A Suffolk Marijuana Possession Lawyer said that, this is an appeal by defendant from a judgment of the Supreme Court, Suffolk County, rendered December 8, 1983, convicting him of criminal possession of marijuana in the first degree, upon his plea of guilty, and imposing sentence. The appeal brings up for review the denial, after a hearing, of that branch of defendant’s pretrial motion which sought suppression of physical evidence.
A Suffolk Criminal Lawyer said that, according to the People’s evidence adduced at the suppression hearing, defendant’s car was stopped for speeding on Montauk Highway by two police officers. A short time later, the Officer who was also patrolling the area, arrived at the scene. Although the officers had not called for assistance, he testified that he left his car and walked towards defendant’s car in order to check the inspection sticker on the windshield. As he walked from the back to the front of defendant’s car, on the driver’s side, he “happened to look down”, and saw a burlap bag, “the size of a bank bag”, laying on its side on the floor behind the driver’s seat.

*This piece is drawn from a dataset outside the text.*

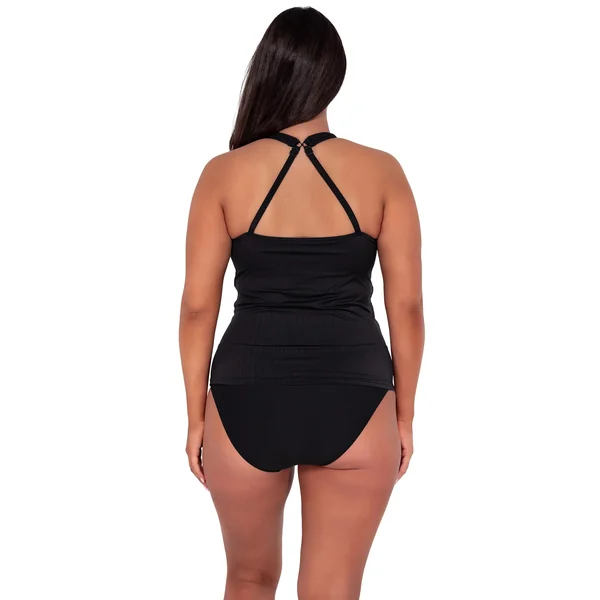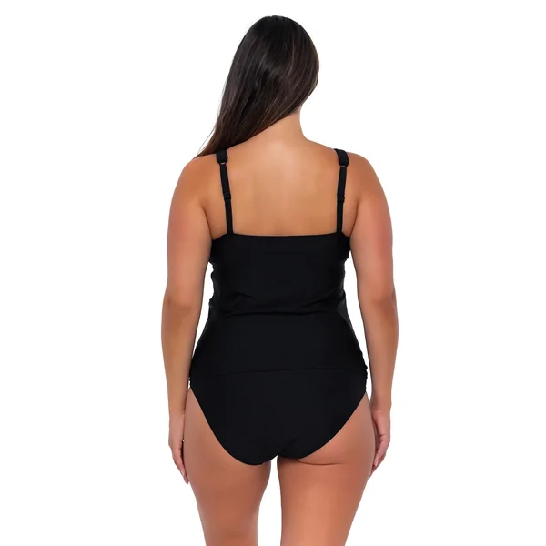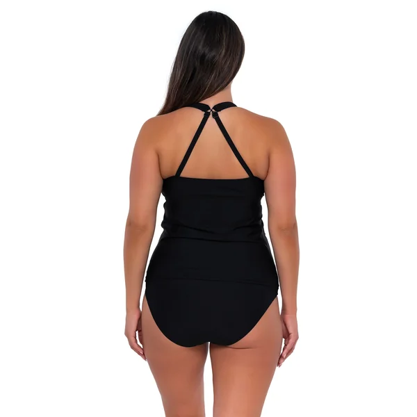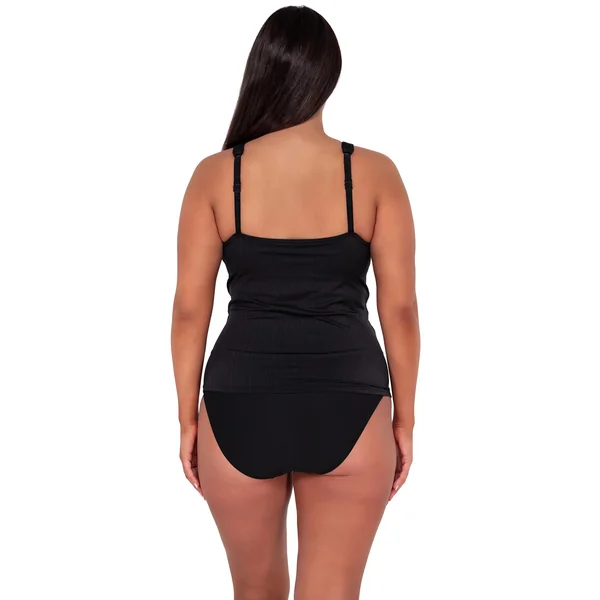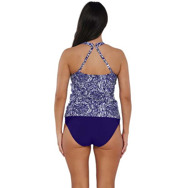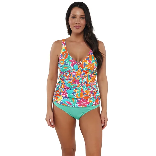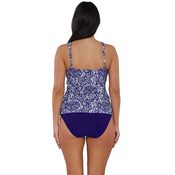 Emerson tankini is a full-coverage swim top with a slim fit. The shirred waist provides flattering modesty. A cute, fixed lace-up center adds stylish detail. Wide, adjustable straps give amazing support and comfort. Also features removable cups, underwire, and a j-hook for racerback conversion.

He noticed a white substance and some pills protruding from the top of the bag. Based on his training in the identification of controlled substances, he “felt” that the white substance was cocaine. He opened the car door, removed the bag and looked inside. Thereupon defendant was arrested. He also testified that when he was by the car, he smelled what he “felt was marijuana coming from the trunk”. About an hour after defendant was arrested, the trunk was searched, and a quantity of marijuana was found in the trunk in plastic bags. He testified that the marijuana found in the trunk had nothing to do with defendant’s arrest.
A Suffolk Unlawful Possession of Marijuana Lawyer said that, while the officer testified on direct examination that he was looking straight down through the driver’s window when he saw the burlap bag, it was brought out on cross-examination that there were two windows on the driver’s side of this two-door car and the officer equivocated as to which window he looked through. He stated, “I don’t recall. It might have been the driver’s window”. On redirect examination, after he looked at a photograph of the car in evidence, which he testified was “a fair and accurate picture of the defendant’s vehicle”, the officer testified that he had been looking through the rear window when he saw the burlap bag.